# Tomi's June NGT pics!!!!



## TNGIRL (Jun 6, 2011)

I've just gotten a chance to sit down with the 80 or so pics I took over the 2 Day shoot in Gainesville of the NGT club!!!! I think maybe ya'll will get tired of me saying this over and over BUT......DID WE NOT HAVE A BLAST!!!!!
I want to give a BIG THANK YOU to Gene "dutchman" Bramblett for shouldering this 2 day salute to sticks and arrows this month. It was his idea for a 2 day shoot and it just blossomed into a fantastic weekend. He was not alone tho, not for even one step of the way.....too many special wonderful friends to name them all but it was a family effort to put this past weekend on and we all deserve a HUG from each other!!!! (OK I'm getting gooey and syrupy so will go on!!)
my 1st batch:





Gene and Jake Allen getting the "sign-in" table ready....

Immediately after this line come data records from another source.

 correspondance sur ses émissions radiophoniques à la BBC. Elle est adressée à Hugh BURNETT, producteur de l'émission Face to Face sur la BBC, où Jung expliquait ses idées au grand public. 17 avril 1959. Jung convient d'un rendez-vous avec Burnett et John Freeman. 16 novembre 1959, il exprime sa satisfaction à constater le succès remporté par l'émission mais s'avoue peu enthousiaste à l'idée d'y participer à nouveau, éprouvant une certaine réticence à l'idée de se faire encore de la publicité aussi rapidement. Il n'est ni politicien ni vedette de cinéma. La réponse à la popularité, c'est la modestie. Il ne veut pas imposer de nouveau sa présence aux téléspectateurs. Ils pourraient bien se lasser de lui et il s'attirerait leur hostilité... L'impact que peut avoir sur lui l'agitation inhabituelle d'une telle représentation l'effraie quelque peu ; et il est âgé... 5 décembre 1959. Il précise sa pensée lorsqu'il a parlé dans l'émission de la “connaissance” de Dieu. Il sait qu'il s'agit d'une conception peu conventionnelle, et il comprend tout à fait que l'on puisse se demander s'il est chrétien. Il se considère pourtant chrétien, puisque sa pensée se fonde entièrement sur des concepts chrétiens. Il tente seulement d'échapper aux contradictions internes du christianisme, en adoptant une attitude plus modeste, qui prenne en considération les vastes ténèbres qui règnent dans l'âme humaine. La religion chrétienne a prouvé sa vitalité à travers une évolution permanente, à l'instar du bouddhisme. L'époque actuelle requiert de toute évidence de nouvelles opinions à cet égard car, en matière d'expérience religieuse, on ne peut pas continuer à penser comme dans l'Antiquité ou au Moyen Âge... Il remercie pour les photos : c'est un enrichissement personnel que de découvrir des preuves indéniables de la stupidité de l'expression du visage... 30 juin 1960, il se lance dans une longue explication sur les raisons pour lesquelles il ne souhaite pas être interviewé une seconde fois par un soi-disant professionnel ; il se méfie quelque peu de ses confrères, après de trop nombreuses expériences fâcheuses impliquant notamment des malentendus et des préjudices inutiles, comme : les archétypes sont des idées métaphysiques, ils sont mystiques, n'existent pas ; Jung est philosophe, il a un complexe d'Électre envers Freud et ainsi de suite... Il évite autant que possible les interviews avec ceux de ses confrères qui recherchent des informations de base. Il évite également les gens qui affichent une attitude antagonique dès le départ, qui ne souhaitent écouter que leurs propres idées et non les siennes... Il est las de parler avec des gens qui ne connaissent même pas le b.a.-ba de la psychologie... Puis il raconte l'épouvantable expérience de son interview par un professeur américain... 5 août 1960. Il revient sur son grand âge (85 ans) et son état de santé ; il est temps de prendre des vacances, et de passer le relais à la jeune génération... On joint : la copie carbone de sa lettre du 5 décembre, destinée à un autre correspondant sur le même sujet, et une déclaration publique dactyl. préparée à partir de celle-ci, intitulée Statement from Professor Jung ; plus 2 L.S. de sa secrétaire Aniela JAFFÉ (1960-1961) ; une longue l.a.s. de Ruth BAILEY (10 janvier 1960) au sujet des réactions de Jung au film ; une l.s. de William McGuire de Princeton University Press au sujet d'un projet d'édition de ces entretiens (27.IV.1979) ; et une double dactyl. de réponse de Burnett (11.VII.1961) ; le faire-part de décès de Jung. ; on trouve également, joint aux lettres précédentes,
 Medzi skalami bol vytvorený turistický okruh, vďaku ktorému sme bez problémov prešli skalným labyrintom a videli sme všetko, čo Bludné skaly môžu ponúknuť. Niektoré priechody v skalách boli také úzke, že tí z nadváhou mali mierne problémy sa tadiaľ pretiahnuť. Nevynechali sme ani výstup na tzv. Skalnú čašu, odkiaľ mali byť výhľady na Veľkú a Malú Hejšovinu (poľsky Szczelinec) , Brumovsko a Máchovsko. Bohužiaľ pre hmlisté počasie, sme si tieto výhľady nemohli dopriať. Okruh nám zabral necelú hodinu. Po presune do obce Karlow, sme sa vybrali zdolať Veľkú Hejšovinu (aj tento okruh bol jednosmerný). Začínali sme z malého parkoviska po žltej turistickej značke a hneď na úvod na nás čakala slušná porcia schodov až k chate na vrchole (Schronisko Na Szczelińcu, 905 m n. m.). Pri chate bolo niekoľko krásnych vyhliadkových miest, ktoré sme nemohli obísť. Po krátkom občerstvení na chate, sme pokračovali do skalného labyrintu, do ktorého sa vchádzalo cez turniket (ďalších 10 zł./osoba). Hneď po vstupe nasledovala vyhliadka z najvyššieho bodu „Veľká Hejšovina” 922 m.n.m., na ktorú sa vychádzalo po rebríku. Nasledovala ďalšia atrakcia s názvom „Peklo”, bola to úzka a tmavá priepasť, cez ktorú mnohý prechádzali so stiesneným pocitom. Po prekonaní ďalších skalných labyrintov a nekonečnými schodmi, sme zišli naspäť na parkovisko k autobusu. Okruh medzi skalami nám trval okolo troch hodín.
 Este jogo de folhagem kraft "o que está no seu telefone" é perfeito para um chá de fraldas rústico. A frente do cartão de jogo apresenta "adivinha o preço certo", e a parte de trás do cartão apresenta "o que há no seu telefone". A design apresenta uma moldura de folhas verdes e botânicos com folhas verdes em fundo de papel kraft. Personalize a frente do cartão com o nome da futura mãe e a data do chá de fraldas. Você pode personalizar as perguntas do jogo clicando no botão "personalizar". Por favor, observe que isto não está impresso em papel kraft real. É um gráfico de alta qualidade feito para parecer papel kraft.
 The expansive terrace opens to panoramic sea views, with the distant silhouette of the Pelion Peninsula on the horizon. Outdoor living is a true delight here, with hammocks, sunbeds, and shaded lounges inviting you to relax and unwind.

They started coming "two~by~two" and then in BIG groups!!!!




Dirty Dan and his Molly~May~Molly! get the day's fun started off!!!!




Gene and RogerLou were there to greet everybody!!!! They scored a "10" from the judges for sure!!!!




I caught Jerry Haney Laney and David Hampton getting started on the course.




Jason and his bride Carmen Holloway from South GA. plus Jesse James Varner stopped for me!!!!




Here's Roger with a new shooter named Ronnie Cross aka ngabowhunter, he showed up on his motorcycle!!!! they let me tag along with them to shoot!!!!


----------



## gurn (Jun 6, 2011)

Looks like ah great time.


----------



## TNGIRL (Jun 6, 2011)

2nd batch...




I was VERY tickled to meet some of our fellow shooters that came up from Palatka, Florida (friends of Gregg Dudley I heard!!!)l to r: Caroline Faunce, Patrick Ditto, Ian Watt, Amanda Ditto, Natalie Watt and her beau, Will Bergbower.....I hope they had a good time with us!!




I have Dave "Necedah" Bureau and Roger L. Boykin to THANK for my WONDERFUL outhouse!!! I provided the original OF bear to be placed inside to shoot at.  Roger says I need to paint the building pink by next month....we'll see!




Leon Scott had no problem hitting the bear in the outhouse!!!








I caught lots of folks having fun....l to r: Doug Bell, Al Chapman, Roger, Dave Bureau, Annie and David Longstreet1 with girls Haley and Ariana, and Ronnie Cross.




Here's Chris Horsman and his group!!!!!l to r: Matt Kontyko, Liam, Sophia and Chris Horsman and Stephen Kontyko.




I believe Stephen K. was showing Old' Chris just exactly where to put his arrow!!!!! showing some real good form isn't he!!!




I believe everybody had a good time in this group!!!!


----------



## TNGIRL (Jun 6, 2011)

3rd bunch:




dutchman came up with the "walk the line" shot, and Karin Knight walked it!!!!




Jeff attended an OF shoot that had their "ball drop" shot and he really liked it. So being the engineer that he is....here's Jake Allen's chicken ball~drop shot!!!!




Leon Scott did a fine job dropping the ball....




Here's Karin as she gets to the stake to shoot!!!




Not sure who this cute little chick (or 'old hen) is but I believe they call her by her Indian Princess name........French Fry Eating Pgymie......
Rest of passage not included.